Afforestation programs are needed to avoid further erosion, meet the local demands for fuelwood and timber and address the climate goals within the REDD+ framework. As a result, the current Ethiopian REDD+ implementation strategies focus on reforestation of grass land and shrub land areas, enhancing agroforestry practice with indigenous species and sustainable management of the remaining natural forests (Arbonaut, 2016; MEFC, 2017). Any forest recovery program should be based on tree mixtures to maintain ecological stability and should include sustainable management as the demand for fuel wood and timber is high and still increasing due to the fast growing population. Ethiopian Government has set a target to reforest 7 million ha by the year 2030. The aim is to decrease current CO2 emissions (53 Mt CO2 in 2010) mainly due to land-use change. Without this intervention emission are expected to increase to 88 Mt CO2 by 2030. Afforestation schemes require that re/afforested areas are initially protected from grazing. Experience from establishment of exclosures has shown that protection from grazing can be obtained in co-operation with local farmers if the afforested or protected sites deliver some form of ecosystem service such as fodder or honey production delivering an intermediate income stream. Considering these fundamental issues, the current project frame-works have been initiated to develop the foundation for a large scale afforestation scheme using herbaceous pre-cultures, nurse trees and mixtures of indigenous Ethiopian tree species.
The overall project goal of the project Carbopart 2 is to lay the foundation for large scale reforestation in Ethiopia.

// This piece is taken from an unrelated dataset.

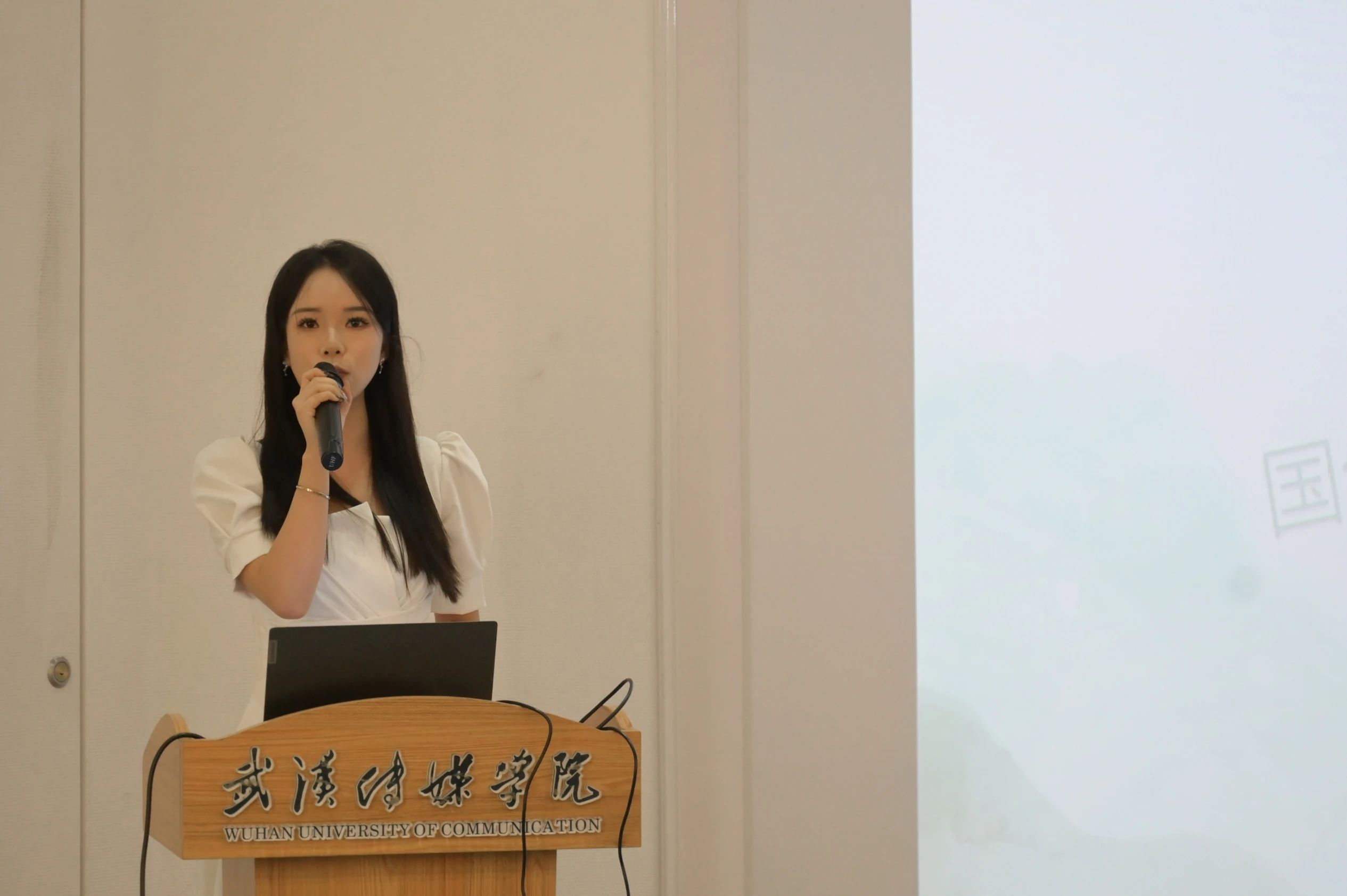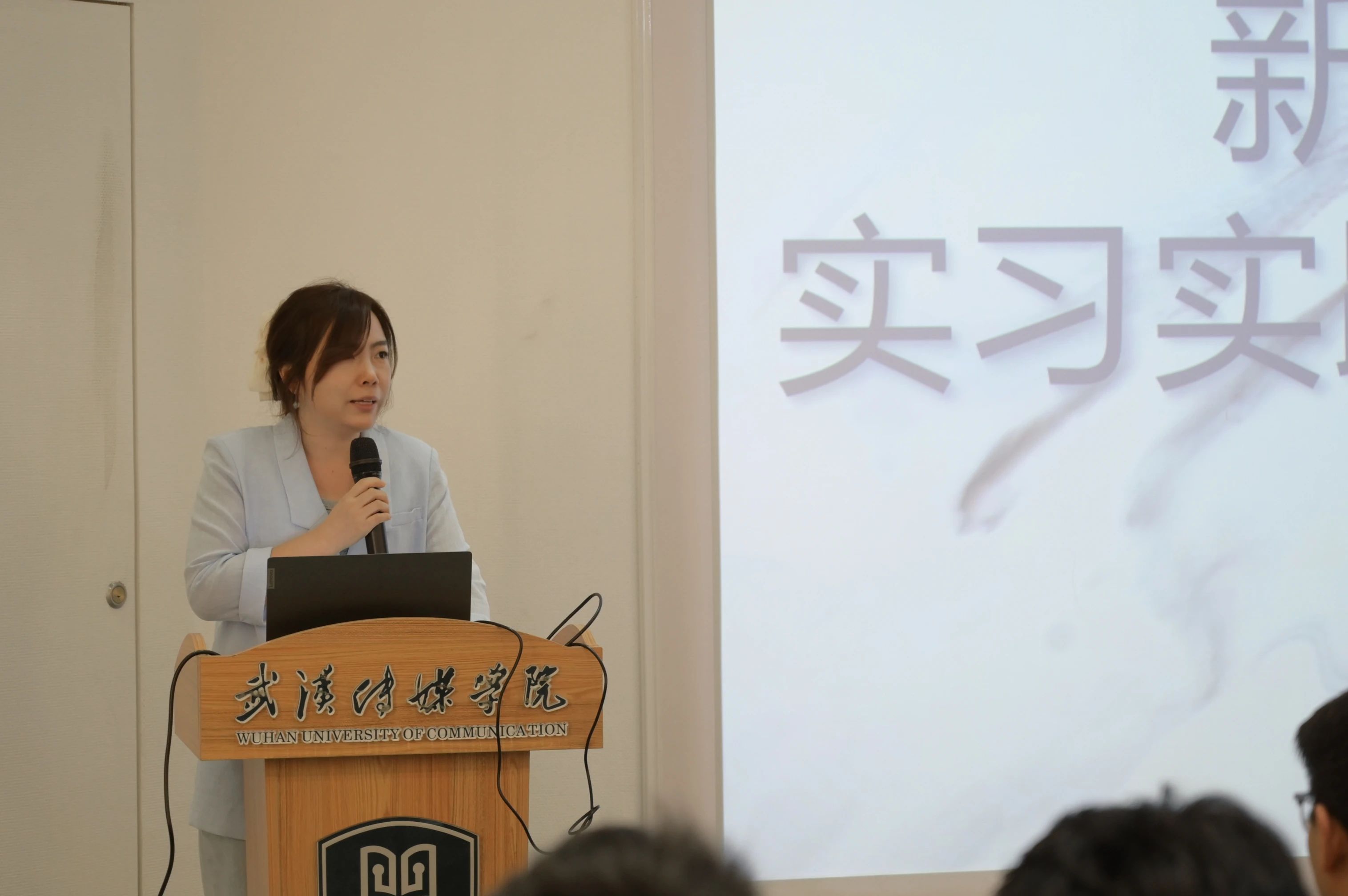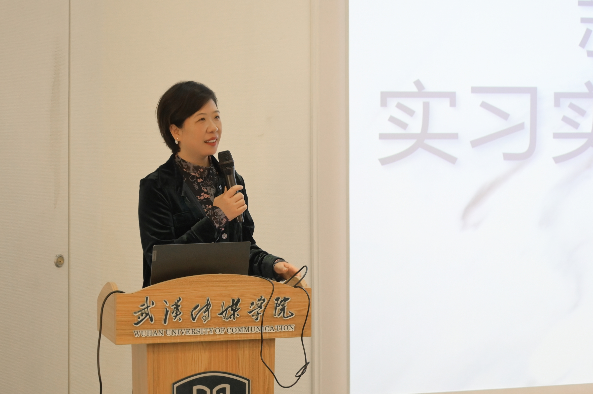 紧接着,来自荆楚网(湖北日报网)的副总编辑查昭和湖北海外旅游集团的副书记方敏为同学们进行经历分享。查昭表示,在荆楚网实习的我校学生很可爱、很能干,尤其是动手能力超强,并多次在现场提到几个实习生的名字。同时,也是由于上届接收的6位实习生表现优异,所以这次荆楚网将实习生名额增加至11个。方敏则介绍了我校和湖北海外旅游集团共同建设实习基地的情况,并对校企未来深度合作充满期待。

We will use the knowledge gained in the previous project (Carbopart 1) to develop large scale reforestation schemes using ecologically stable tree mixtures as opposed to non–ecologically stable monocultures. Further we will develop a program based on ecological forest monitoring, forest growth modelling and forest planning/management to establish sustainable harvesting routines based on species mixture thinning and regeneration options. The established forest sites will be used for educating farmers in sustainable forest management with the goal to (i) avoid erosion and thus loss of soil fertility, (ii) ensure continued supply of fuel wood and other timber and non-timber products, and thus (iii) generate income and (iv) to promote further planting programs within REDD+ program activities.
A central common garden demonstration site (Koga) and two regional plantation sites (Bezewit and Worken) have been selected on the basis of soil quality, altitude and land degradation representing the landscape of the region. Three reforestation sites correspond to three major land-forms of the Amhara Regions viz. low land of the Blue Nile basin, degraded grazing land and high mountain:
1. Koga (Latitude: 11°24ʹ25.94ʺN, Longitude: 37°05ʹ22.85ʺE): Irrigated, lowlands site with good growing conditions, can be used as Central demonstration plots for different indigenous tree species. The site allows us to observe the growth characteristics of the different species.
2. Bezawit (Latitude: 11°34'10.32"N and Longitude: 37°24'39.74"E): Severely degraded and eroded site, heavily grazed and rocky landscape. Challenging for landscape restoration and management approaches.
3. Worken (Latitude: 11°50ʹ14.4ʺN, Longitude: 38°05ʹ29.3ʺE): Large surface (several hectares) at top of the hill, covered by grass and few shrubs species, suitable for highland tree species.
Forest establishment is being carried out using pre-cultures of herbaceous species such as wheat (Triticum aestivum) or vetches (Vicia sp.), fast growing nurse tree species and mixtures of target tree species. The objectives of this system is to produce a constant intermediate harvest in the form of fodder for stock feeding from the pre-culture herbaceous species, and a woody supply from the thinning of the fast growing nurse tree species, allowing the development of the target tree mixtures. The mixtures will be designed using tree trait data obtained in Carbopart 1. This will include traits such as growth rate, light requirements, position in ecological succession, leaf and root morphology and chemistry, symbiotic associations. At the sites, the development of the tree stands will be followed to measure productivity of the mixtures and individual species, and restoration of soil fertility and SOM stocks.
For the work a number of tree species have been selected based on tree traits (i.e. fast/slow growing, N-fixing, and endangered species etc.) and availability the targeted species are: Acacia albida, Acacia abyssinica, Podocarpus falcatus, Olea africana, Cordia africana, Milletia ferruginea, Hygenia abyssinica, Prunus africana, Albizia gumifera, and Juniperus procera. Protection of planted seedlings and survival rate are the most challenging issues in Ethiopia with its’ huge livestock population. Construction of fences at the plantation sites and protection barrier for individual seedling are essential against animal browsing.
Training: Within the framework of the Bahir Dar University new agroforestry program, staff form BOKU will make an active contribution to teaching and program development. This will lead to the development of local forest managers trained in concepts and practical skills of multipurpose mixed forest management. It is planned that BOKU will also offer short courses on forest management to ensure the long term sustainable management of the established forest sites and the long term benefits of reforestation.